Wrestlemania Week: Be a Good Sport......

There are five events in the sporting calendar that bring out excitement in me above all else. Four of them are The World Cup (football/soccer), The Ryder Cup (Golf), The Ashes (Cricket) and the Cheltenham Festival (Horse Racing).

Can you guess the other?

That's right. The Oxford/Cambridge Boat Race.

No, just kidding. It's Wrestlemania. You can dispute the use of the word 'sport' all you like, but to me wrestling brings together my favourite elements of sport than no soap opera or film drama ever could. It's about establishing a contest, a reason for a competition between people or teams. You watch those concerned for an amount of time, knowing that the build-up is all for a peak at a certain time.

Wrestling happens to be scripted - but the journey is the same.

Take Horse Racing. In National Hunt racing (for the uninitiated, that's British and Irish racing where horses jump obstacle) a horse only has to win a low-grade race at an obscure racecourse in October and already people start asking 'Will it go to Cheltenham?'

The Festival is a collection of the very best horses in training coming together in the biggest races in the Jumps calendar. It produces some fascinating clashes and asks sports most important question. When those considered the best in their field meet, who or what is best?

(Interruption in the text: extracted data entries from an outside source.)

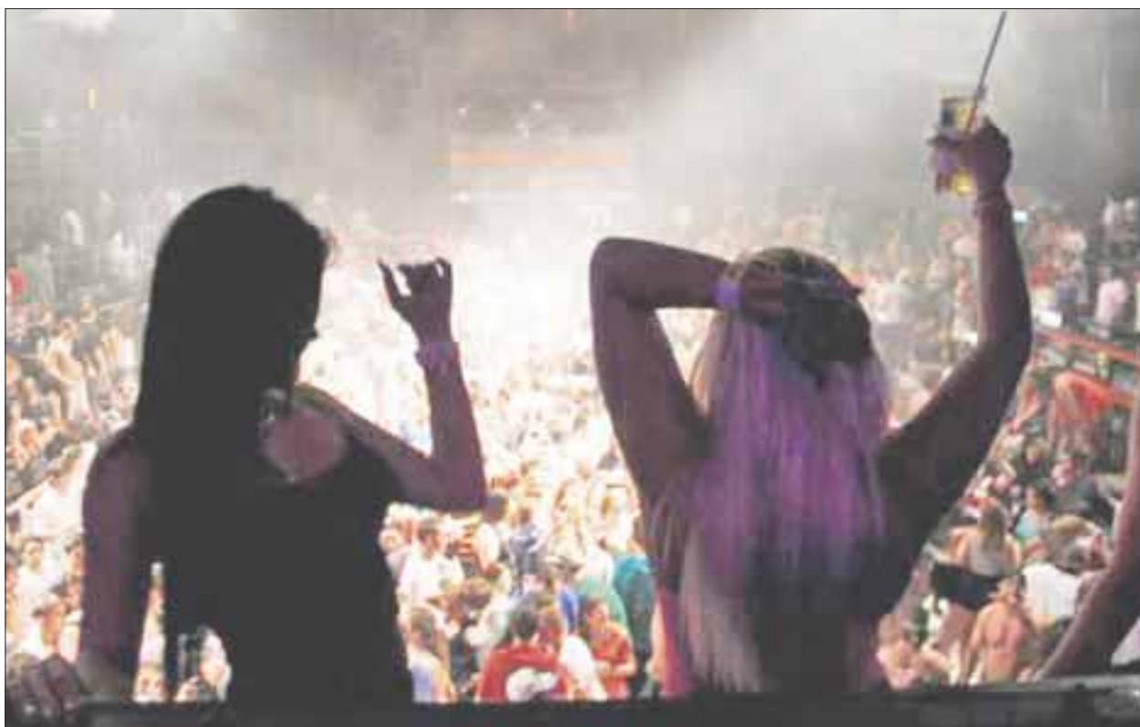
Los antros y bares están “bajo la lupa” de Fiscalización, a fin de frenar la entrada de menores de edad.

Con un promedio de 14 supervisores, vigilarán que los menores de edad no entren a bares, antros o que se les venda algún tipo de bebida embriagante, ya sea en playas o restaurantes.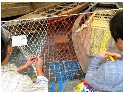
展示に向けて網をつなげていく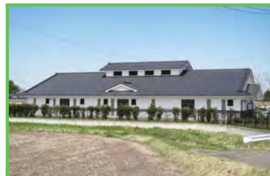
農業集落排水事業 西古川地区

都市に比べて立ち遅れている農村の生活環境の整備と、これと密接な関連のある農業生産基盤の整備を一体的・総合的に行うもので、農業集落排水施設の整備をはじめ、集落道路・集落排水路・農村公園・営農飲雑用水施設・農道・農業排水路等を整備します。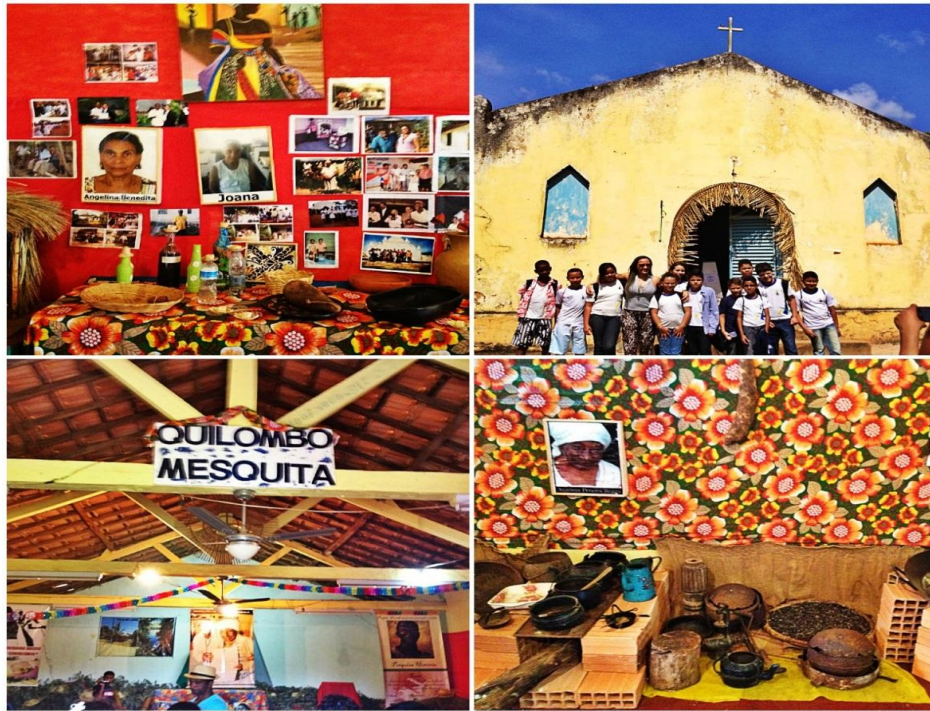
Museu do Quilombo Mesquita FIGURA 4

Encontram-se também manifestações religiosas de matriz africana estas menos aparentes e mimetizadas pelo sincretismo religioso. A tradição da cura é um outro espaço importante para a preservação da cultura e religiosidade do povo remanescente do Quilombo Mesquita, e é nesse espaço que o conhecimento dos africanos, índios e portugueses mais se misturaram.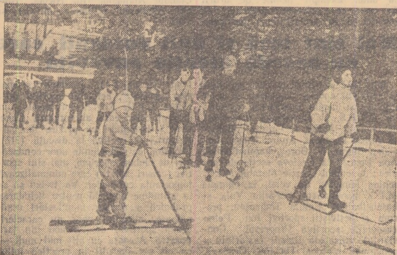
Și acum, din nou la drum!...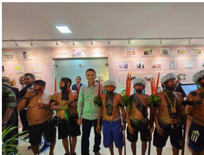
Figura 3 – Assessor Especial do CMA para assuntos indígenas e lideranças Yanomamis da região de Maturacá em evento aniversário do CMA

There is a race at the Festival called the World Hurdle. It is run over three miles, and was won for two years in a row by a horse called Big Buck's. A brilliant, enigmatic horse that dominated it's field for a couple of years.

In October, a contender emerged. An animal by the name of Grands Crus won a race over similar course and distance to the World Hurdle in terrific style. Before the Festival in March it won two more races in style, and the horse racing world buzzed about the first meeting of Grands Crus and Big Buck's. Would the newcomer beating all before it be the real thing? Would the long term champion be able to retain the crown against his most dangerous challenger yet?

Does all that sound familiar? You don't have to be a racing fan to see aspects of a good wrestling angle in there. I think it most closely resembles Hulk Hogan defending against The Ultimate Warrior at Wrestlemania 6. You could also draw comparisons with Taker v Triple H, right now. But whichever you think fits best, it is undeniably a classic angle. The lovable champ challenged by the talented newcomer.

As it happens, Big Buck's won by a couple of lengths from Grands Crus. But it was a great race. It was fascinating to think about, interesting to watch and it had a great pay off. Even better, I want to see a rematch. Can Grands Crus learn from the defeat? Can it mature and beat the champ next time?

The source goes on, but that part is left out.